TONY SHELDON: Many have been there for decades finding their wages job, their security being slashed and burned, and to find Alan Joyce saying that he may forgo a bonus, now he should be handing that $2 million back and he should taking a 62 per cent decrease in income, in line with what the shareholder value drop has been in the last three years.
GREG HOY: Who would want to be the head of Qantas? Well actually, while Qantas remains on the defensive, its key competitor, Virgin Australia, is on the attack. Qantas defector John Borghetti, who was overlooked for the chief executive's job that went to Alan Joyce, has now turned on his former employer with a vengeance as Virgin's chief, dragging the budget carrier upmarket.
TONY WEBBER: He seems like he's doing a number on his good mate, Alan Joyce, at the moment. He's taking some market share away from him. He's expanding very, very quickly.
BRAD HODSON: Qantas has pursued what we'd term risky ventures into Asia, Red Q, Jetstar Pacific.

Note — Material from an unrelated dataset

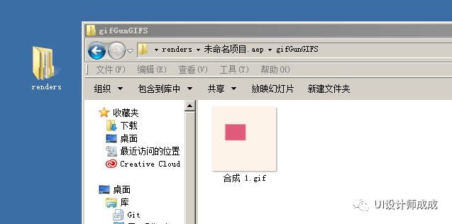 8、桌面找到renders文件夾,進入找GIF圖片即可。有些時候會因為設置問題直接生成到桌面或者其他文件夾,這個根據情況找就行了。

Pretty much those things, they've spent a lot of money, but there's no return on capital there.
GREG HOY: Aviation unions recently surveyed staff at Virgin and Qantas to ask if the right management was running the airline.
TONY SHELDON: 85 per cent of employees do not have confidence in the direction that Qantas is taking. And when you compare that with their major competitor in the domestic market, Virgin, there's only 1.5 per cent of employees at Virgin do not have confidence in their management.
GREG HOY: But it's not just unions beginning to ask if Qantas should remain in the hands of current management.
BRAD HODSON: Management have failed to a articulate a clear path into the future.
VAS KOLESNIKOFF: Unfortunately, it appears the current management doesn't seem to have an answer for what's going on.
TONY WEBBER: Private equity guys out there are looking at the numbers very, very closely. There might be an opportunity to buy and carve up Qantas, as they attempted to do a few years back.